AI/Bot Traffic Throttling iRule (UA Substring + IP Range Mapping)

Problem

Tags: appworld 2026, vegas, irules

Created by Tim Riker using AI for the DevCentral competition. Written entirely by ChatGPT.

Executive Summary

This iRule provides a practical, production-ready method for throttling AI agents, crawlers, automation frameworks, and other high-volume HTTP clients at the BIG-IP edge. Bots are identified first by User-Agent substring matching and, if necessary, by source IP range mapping.

Solution

Throttling is enforced per bot identity rather than per client IP, which more accurately reflects how modern AI systems operate using distributed egress networks.

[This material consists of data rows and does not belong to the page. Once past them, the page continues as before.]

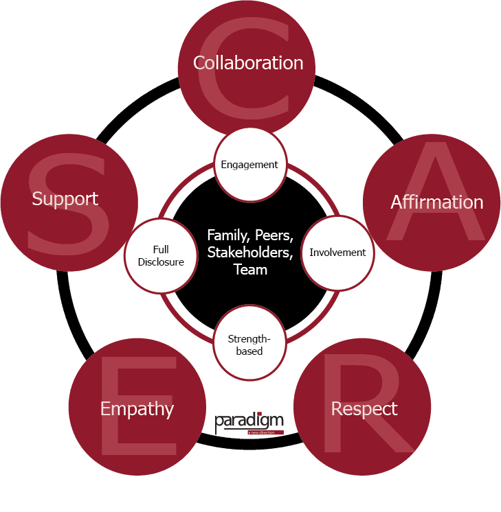 The C.A.R.E.S. Model represents this framework for how Collaboration, Affirmation, Respect, Empathy and Support wrap around our work and interactions with others.
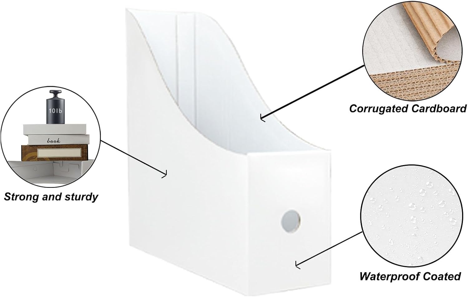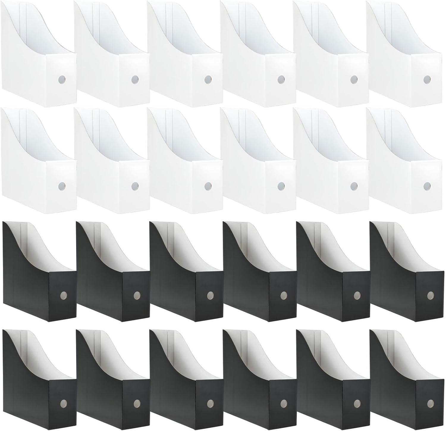24 Pack Cardboard Magazine Holder, Magazine File Holder for Home, Office, Desk, 10.6'' H×10.2'' L ×3.5''W Magazine Storage Box (12 Pack White and 12 Pack Black)
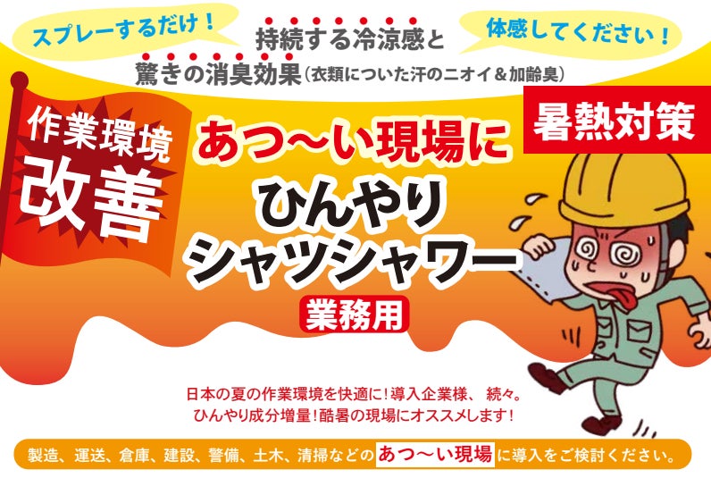 例年好評を頂いておりました「ひんやりシャツシャワー ストロング 業務用」を、今年は現場でより使いやすい「無香料タイプ」にリニューアルし、新発売いたします。
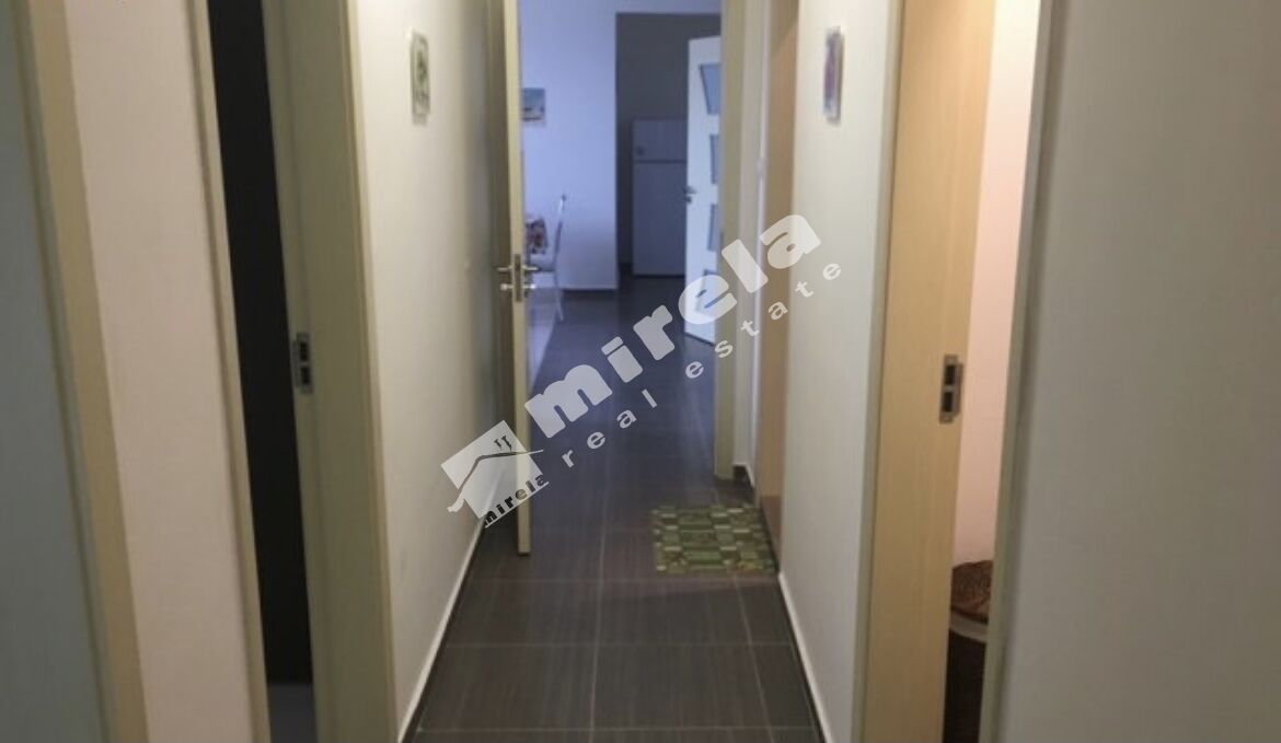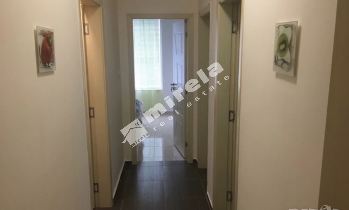 Разпределението включва: коридор, три стаи със спални, просторна дневна с кухненски бокс, две бани с тоалетни, два балкона и мокро помещение.

The solution is entirely data-group driven, operationally simple, and requires no external systems. Security and operations teams can adjust bot behavior dynamically without modifying the iRule itself.

Why This Matters

Modern AI agents, LLM training bots, search indexers, and automation frameworks can generate extremely high request volumes. Even legitimate AI services can unintentionally:

  • Create excessive origin load
  • Increase bandwidth and infrastructure cost
  • Trigger autoscaling events
  • Impact latency for real users
  • Skew analytics and performance metrics

Rather than blocking AI traffic outright, organizations often need controlled rate limiting. This iRule enables responsible throttling while preserving service availability and fairness.

Contest Justification

Innovation and Creativity

This iRule implements identity-based throttling rather than traditional per-IP rate limiting. Because AI agents frequently operate from multiple IP addresses, shared throttling by canonical bot identity provides significantly more accurate control.

The dual attribution model (User-Agent substring first, IP-range fallback second) allows the system to handle both transparent and opaque clients, including cases where User-Agent headers are missing or spoofed.

Technical Excellence

This implementation uses native BIG-IP primitives only:

  • class match -element -- contains for efficient substring matching
  • class match -value for IP range mapping
  • table incr for shared counters
  • HTTP 429 with Retry-After for standards-compliant throttling

The iRule parses only the first two whitespace tokens of the datagroup value, allowing inline comments while maintaining strict numeric enforcement. The logic executes only when a bot match occurs, keeping overhead minimal.

Theme Alignment

As AI-generated traffic becomes increasingly common, edge enforcement policies must evolve. This iRule demonstrates a practical, deployable mechanism for managing AI-era traffic patterns directly at the application delivery layer.

Impact

Organizations deploying AI throttling controls can:

  • Protect origin infrastructure from automated traffic surges
  • Maintain consistent performance for human users
  • Reduce infrastructure and bandwidth cost
  • Avoid over-provisioning driven by bot bursts
  • Implement governance policies for AI consumption

Because throttle limits are configured via datagroups, operational adjustments can be made instantly without code changes, reducing risk and change-control friction.

Code

Required Datagroup Configuration

dg_bot_agent (String Datagroup)

Key: User-Agent substring or canonical bot name.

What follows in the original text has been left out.